Ludwig Brackebusch (4 March 1849 – 2 June 1906) was a German geologist, mineralogist, and paleontologist, who was a pioneer of geology in Argentina. He was a professor at the University of Córdoba.

== Life ==
Brackebusch grew up in the Harz Mountains, studied theology and geology from 1869 and mathematics and natural sciences from 1871 at the University of Göttingen, where he received his doctorate in 1874 (development of the geognostic conditions in the area between Falkenstein and Königerode in the Lower Harz) with a thesis written while working as an assistant geologist at the Prussian Geological Survey, where he mapped the Harz Mountains from 1873 to 1875. From 1875, at the invitation of Hermann Burmeister, he succeeded Alfred Wilhelm Stelzner (who moved to the Freiberg Mining Academy) as Professor of Mineralogy and Director of the Mineralogical Institute at the University of Córdoba in Argentina.

He undertook numerous research trips, including to the previously little-explored High Andes in northwestern Argentina, where he described the penitentes.

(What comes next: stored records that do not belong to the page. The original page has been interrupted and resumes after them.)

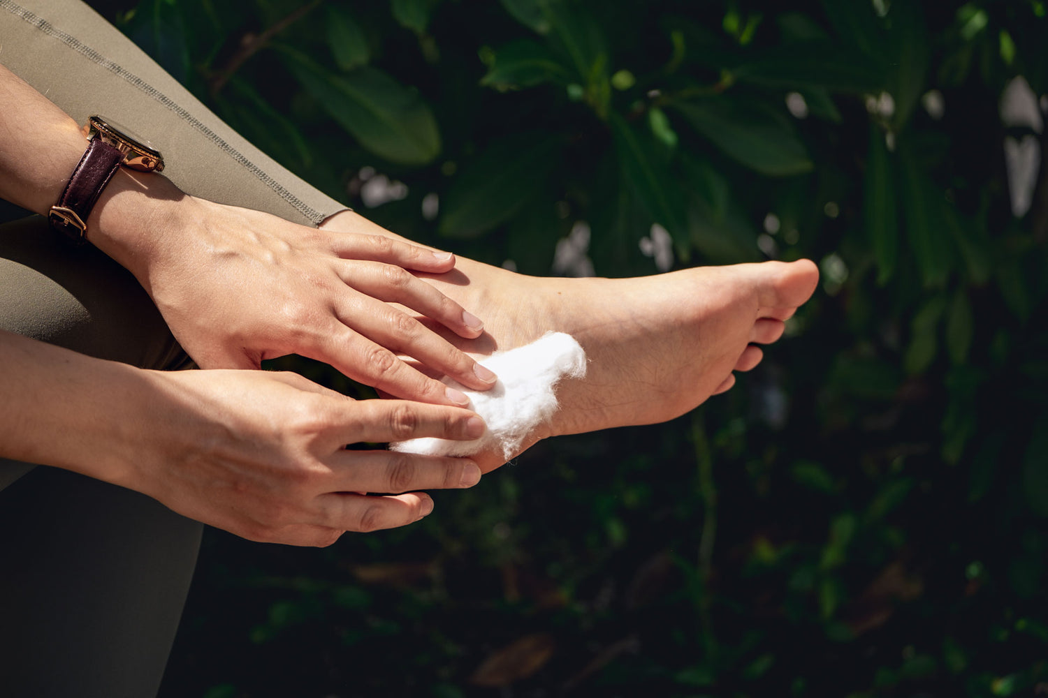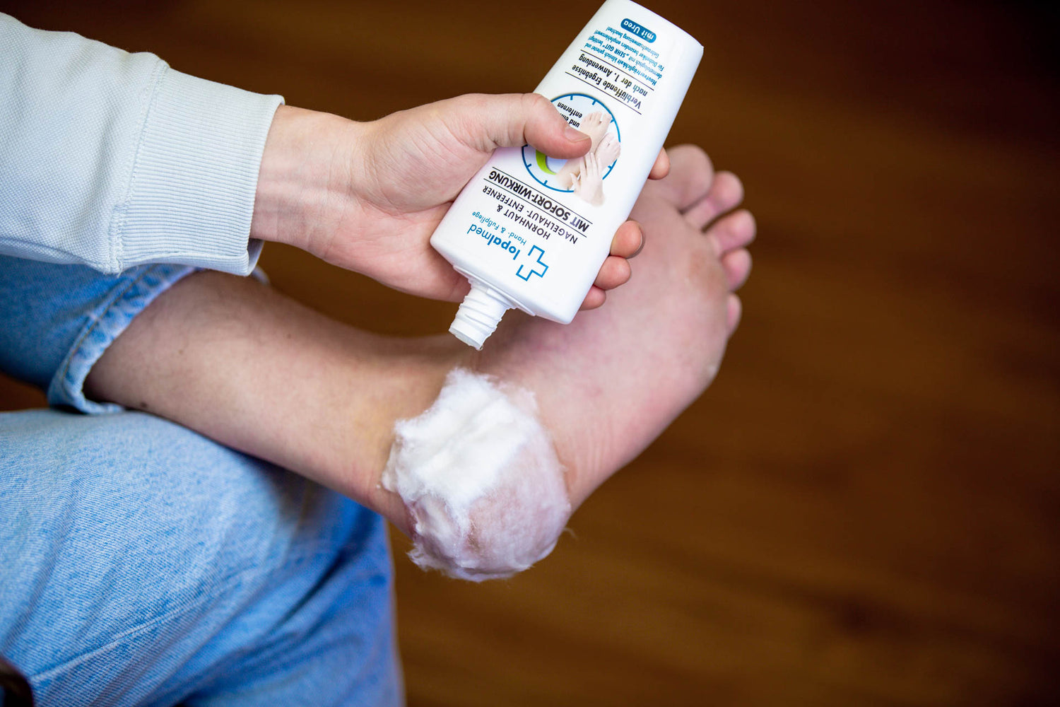 Gib eine dünne Schicht Naturwatte auf die betroffenen Stellen und achte dabei, dass der Fuß noch nicht eingecremt oder nass ist!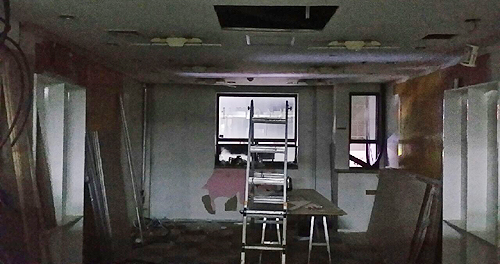 서울의 한 집합상가. 최근 해당 상가 건물 3층 한 점포는 진행 중이던 약국 인테리어 공사를 중단하고 한달여간 방치돼 있다.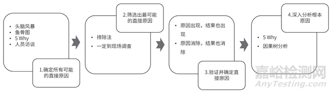 在開(kāi)展偏差根本原因調(diào)查過(guò)程中,最重要的是要梳理清楚分析的思路,避免人為臆測(cè)原因。對(duì)此,筆者推薦一種結(jié)構(gòu)化的方法:偏差根本原因分析四步法(如圖2 所示),其具體思路如下: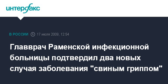 Главврач Раменской инфекционной больницы подтвердил два новых случая заболевания "свиным гриппом"

He also investigated the passes to Chile, which was of importance to the Argentine government, and oil deposits in the Andean region. His knowledge of Argentine territory was based on explorations in the provinces of Córdoba, San Luis, Catamarca, Salta, and Jujuy. He collected extensive material and expanded the existing collections of the Mineralogy Museum by over 8,000 specimens. He sent duplicates of local rocks and minerals to Europe for exhibition and study. From 1880, he was a member of the National Academy of Sciences in Córdoba and eventually became its dean. His extensive fossil, rock, and mineral collection is housed primarily at the University of Córdoba, with a smaller portion at the Natural History Museum, Berlin (1,700 specimens of rocks and minerals from Argentina).

In 1877 he married Maria Emilia Charlotte Weule, with whom he had six children.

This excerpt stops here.